The Court has taken all of the evidence adduced into account. It is satisfied on the evidence that the complainant was treated differently by her employer than an Irish National would have been treated in similar circumstances. The Court is satisfied, on the balance of probabilities, that the correct inference to be drawn from this difference in treatment is that it arose from the complainant’s nationality.
The Court is satisfied that the Company in its actions terminated the employment of the complainant. The employment agency in its letter on the 29th of March, 2001 states that the manager told them on the 5th of February, 2001 “he had suspended her from work and that he was terminating her contract”.

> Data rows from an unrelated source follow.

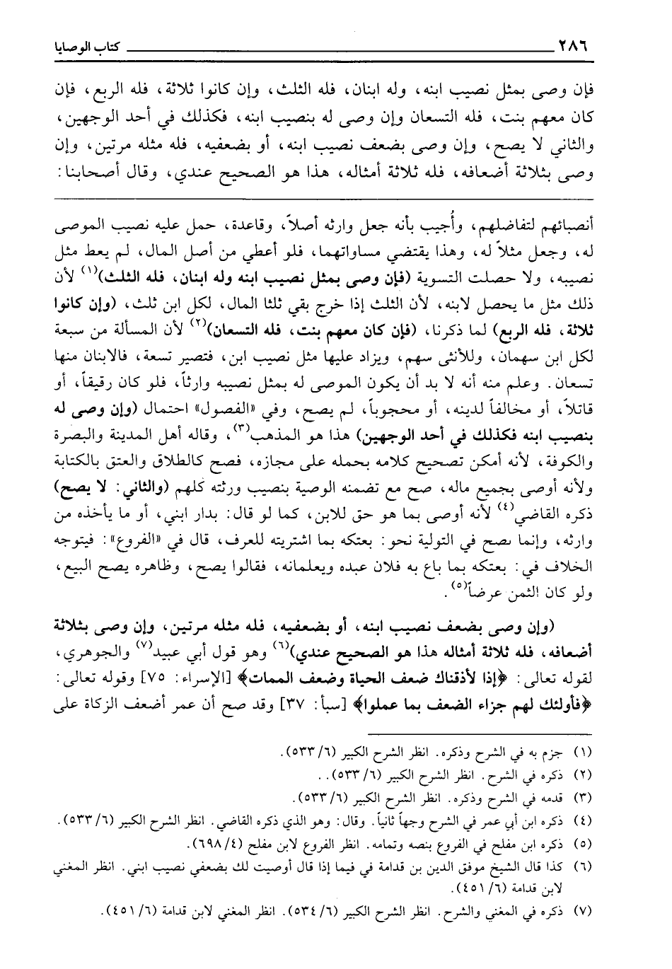 (وَإِنْ وَصَّى بِضِعْفِ نَصِيبِ ابْنِهِ، أَوْ بِضِعْفَيْهِ، فَلَهُ مِثْلُهُ مَرَّتَيْنِ، وَإِنْ وَصَّى بِثَلَاثَةِ أَضْعَافِهِ، فَلَهُ ثَلَاثَةُ أَمْثَالِهِ، هَذَا هُوَ الصَّحِيحُ عِنْدِي) وَهُوَ قَوْلُ أَبِي عُبَيْدٍ، وَالْجَوْهَرِيِّ، لِقَوْلِهِ تَعَالَى: {إِذًا لأَذَقْنَاكَ ضِعْفَ الْحَيَاةِ وَضِعْفَ الْمَمَاتِ} [الإسراء: 75] ، وقَوْله تَعَالَى: {فَأُولَئِكَ لَهُمْ جَزَاءُ الضِّعْفِ بِمَا عَمِلُوا} [سبأ: 37] ، وَقَدْ صَحَّ أَنَّ عُمَرَ أَضْعَفَ الزَّكَاةَ عَلَى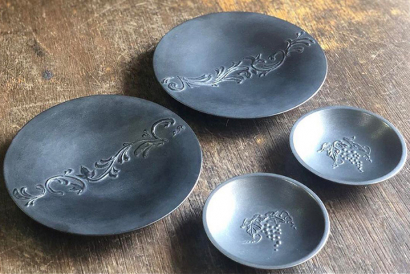 お選びいただいた器に、錆絵用の絞り筒で、模様を筒描きしていただきます。その後、工房に持ち帰り、伝統的な会津鉄錆塗りと四分一塗りを組み合わせた冨樫さん独自の技法で仕上げていただきます。仕上がりは銀色になります。(仕上がり 約1ヶ月半)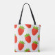 Sac blanc avec motif de fruits aux fraises rouges. Design plat.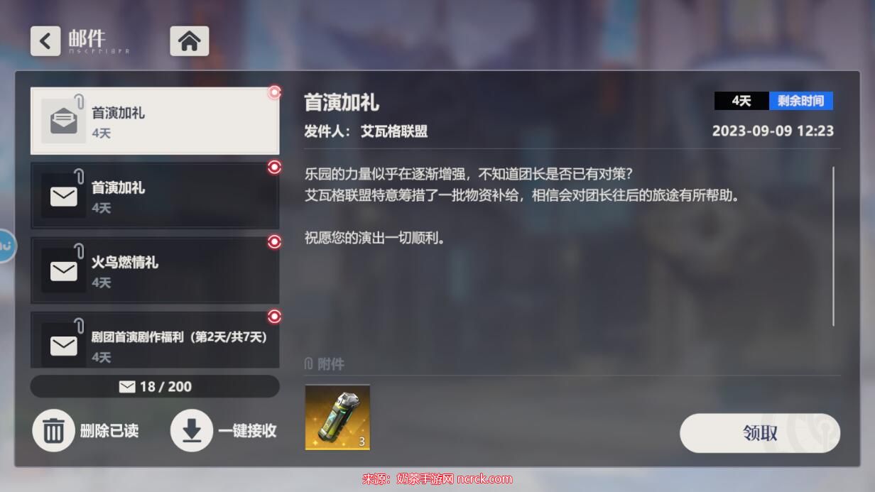 5、完成兑换后,前往游戏内的邮件系统,点击“一键接收”以领取您的奖励。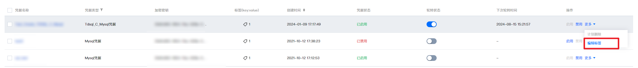 1. 找到需编辑标签的凭据,选择其右侧的编辑标签。

The Court is also satisfied on the balance of probabilities the treatment of the worker by the manager, and the almost complete non-implementation of relevant legislation, was due to the fact that it regarded the worker as someone of a different nationality, who would not have the capability to stand on their legal rights and that by its actions up to and including its constructive dismissal of the worker, it discriminated against her on the grounds of her nationality within the meaning of Section 6 (2) (h) and Section 8(1) (a) and (b) of the Act.
The Court determines that the worker has been dismissed in circumstances amounting to discrimination on the grounds of her nationality and accordingly awards her €15,000.00.
The Court in considering this complex case is concerned about the duty of care that is associated with recruitment of foreign nationals as identified in this instance.
The Court’s concern relates to the very difficult position the complainant was forced to act and react to when she discovered the post in the nursing home was not available. In a “normal” recruitment situation the indigenous prospective employee would have far greater confidence about the situation. It would be possible to seek support in making their decision from advisory services, family, understanding of the structure and the interactions of the labour market, financial support of the state, to name but a few.
In this situation these options did not exist. It was either return to her country of origin (bearing in mind that she had sought to leave her country and committed substantial resources to bring it into effect) or take up the job offer.
It was not a situation which would relate to an Irish Employee.
The Court’s further concern relates to the position as stated by the recruitment agency that once it has passed the prospective employees over to the employer, it has no further responsibility in its duty of care. Any support given by their agents is voluntary and not out of duty.
The Court strongly recommends the companies employing non-nationals recognise the difficulties that may arise, provide proper induction courses and that they make resources available to enable them to deal with any social and cultural differences which arise in these situations.
During the hearings the complainant also raised a number of serious allegations in relation to the legality of the operation of the work permit system in this case, and the legality of the Garda involvement in her hospitalisation, after her employment had been terminated.
She also complained about the damage done to her reputation by the distribution of a document in March 2001 from the employment agency to a wide range of organisations.
While the Court noted these issues, it is of the view that it would be more appropriate that these matters be raised with the relevant authorities.
However, the Court finds the background to the Garda visit to the factory on the 12th December to be extremely disturbing, and warranting investigation particularly as the visit had such serious consequences subsequently for the complainant.
Signed on behalf of the Labour Court
13th May, 2002______________________
Enquiries concerning this Determination should be addressed to Larry Wisely, Court Secretary.